In July 13, members of the Zintan Militia members stationed at Tripoli International Airport were attacked, killing six people were killed and 25 others were wounded result of the subsequent clashes. Days later, two suicide bombers detonated explosive-laden vehicles at an Al-Saiqa Special Forces base in the city of Benghazi. The first bomber detonated at the base entrance, allowing the second bomber to detonate his explosives inside the base immediately after the first explosion. In addition to the two attackers, six members of the Saiqa Forces were killed and two others injured in the attack. No group claimed responsibility for the incident; however, sources attributed the attack to Ansar al-Sharia (Libya) and the Libyan Shield 1.

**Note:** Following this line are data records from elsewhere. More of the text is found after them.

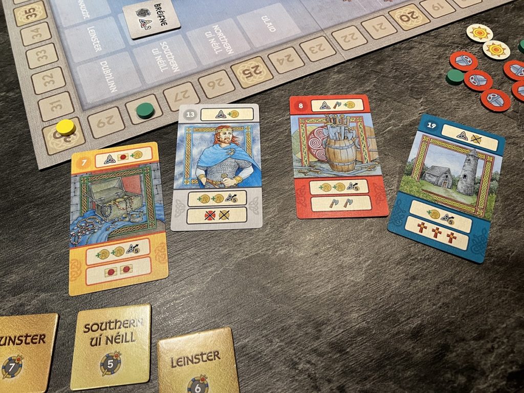 A cette mécanique de majorité s’ajoute une mécanique de plis extrêmement bien faite. Ce sont ces plis qui vont déterminer quelles actions vous allez pouvoir réaliser. Au début de chacune des manches, vous allez drafter les cartes puis les jouer en plis. Chaque carte propose 2 ou 3 actions différentes. Une principale et une ou deux secondaires. Vous ne pourrez réaliser l’action principale (= la prise de contrôle d’une ville) que si vous remportez le plis. Au début de chaque plis, le premier joueur va déterminer la ville active, càd celle pour laquelle on se bat. Déjà là ça peut vous donner une idée de la subtilité de Brian Boru. Si je suis premier joueur, vais-je proposer une ville qui m’intéresse alors que je débute le plis et que les autres joueurs vont pouvoir me le prendre? Ou vais-je choisir une ville qui ne m’intéresse pas en jouant une petite carte pour en réaliser une de ses actions secondaires? Et si personne ne propose une ville qui m’intéresse, comment vais-je pouvoir la conquérir? Il vous faudra alors gagner un plis pour pouvoir proposer une ville intéressante.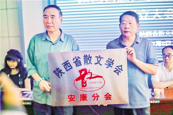 中國(guó)散文學(xué)會(huì)副會(huì)長(zhǎng)、陜西省散文學(xué)會(huì)會(huì)長(zhǎng)陳長(zhǎng)吟向省散文學(xué)會(huì)安康分會(huì)會(huì)長(zhǎng)李煥龍授牌。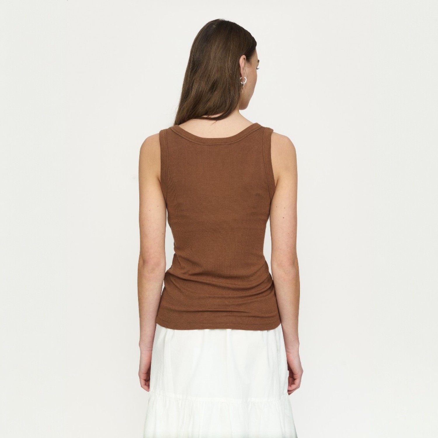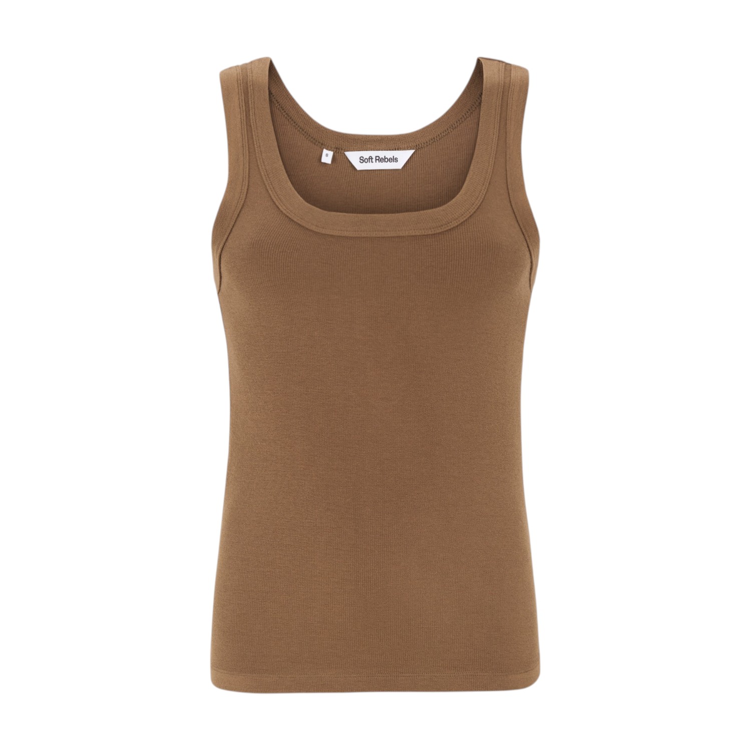 De Fenja Tank Top Bison van Soft Rebels is een tijdloze basic die niet mag ontbreken in je garderobe. De warme bisonkleur geeft deze tanktop een stijlvolle en natuurlijke uitstraling, waardoor hij eenvoudig te combineren is met verschillende outfits.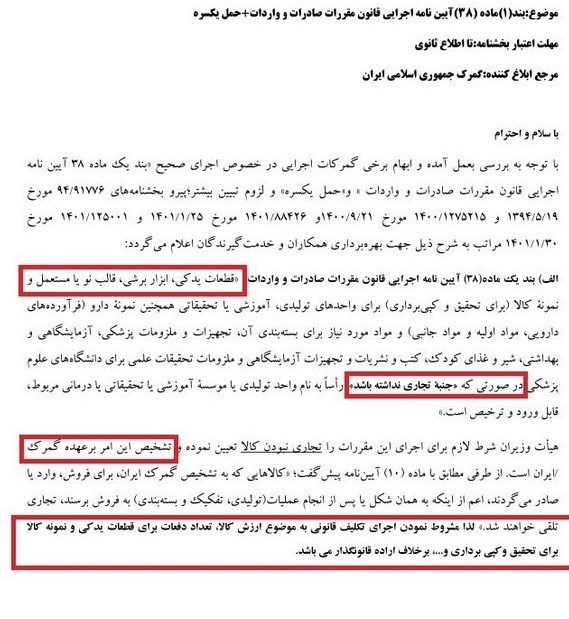 با توجه به نکات مطرح شده، اخیرا در بخشنامهای که سوی مدیر کل دفتر واردات گمرک ایران ارائه شده است، دستورالعمل تکمیلی و تبیینی در خصوص بند 1 ماده 38 آیین نامه اجرایی قانون مقررات صادرات و واردات به گمرکات اجرایی ابلاغ شد. در بخش اول این ابلاغیه آمده: شروط بند یک ماده 38 قانون امور گمرکی عبارت است از نداشتن جنبه تجاری و و ورود توسط واحدهای تولیدی دارای پروانه بهرهبرداری. همچنین بر این اساس بند 1ماده 38 قانون مذکور، سقف ارزشی لحاظ نشده است.
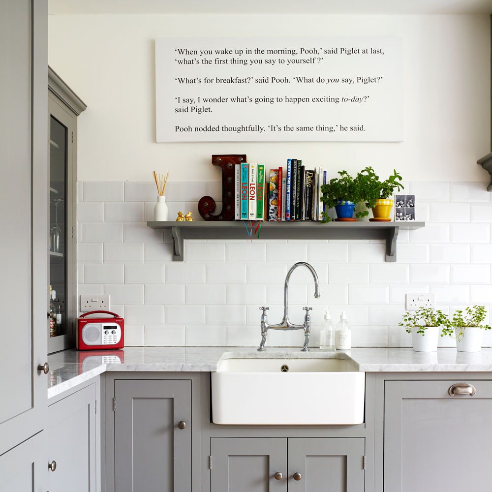 Bintang utama dari dapur abu-abu yang halus ini adalah karya seni penjualan. Anda tidak akan pernah salah mengutip Winnie the Pooh dan teman-teman. Ini adalah pesan klasik untuk perasaan senang dan motivasi. Teks sederhana adalah cara yang bagus untuk menambahkan sentuhan kepribadian ke dinding di dapur dan ruang makan. Ini topik percakapan yang ideal.

On August 1, an explosive charge detonated near a police building in Benghazi, leaving only property damage, days later another similar attack would be recorded in Benghazi, also causing material damage. In the days that followed, attacks would continue, which some sources would point out were the work of the Libyan Shield Force. Two suicide bombers detonated explosive-laden cars at a Haftar militia checkpoint near the airport in the city of Benghazi. In addition to the attackers, more than 10 soldiers were killed and 52 others injured by the blast. This was one of two coordinated attacks against the militia in the area that day. The Shura Council of Benghazi Revolutionaries claimed responsibility for the incident in coordination with the Ansar al Sharia and the Libyan Shield Forces.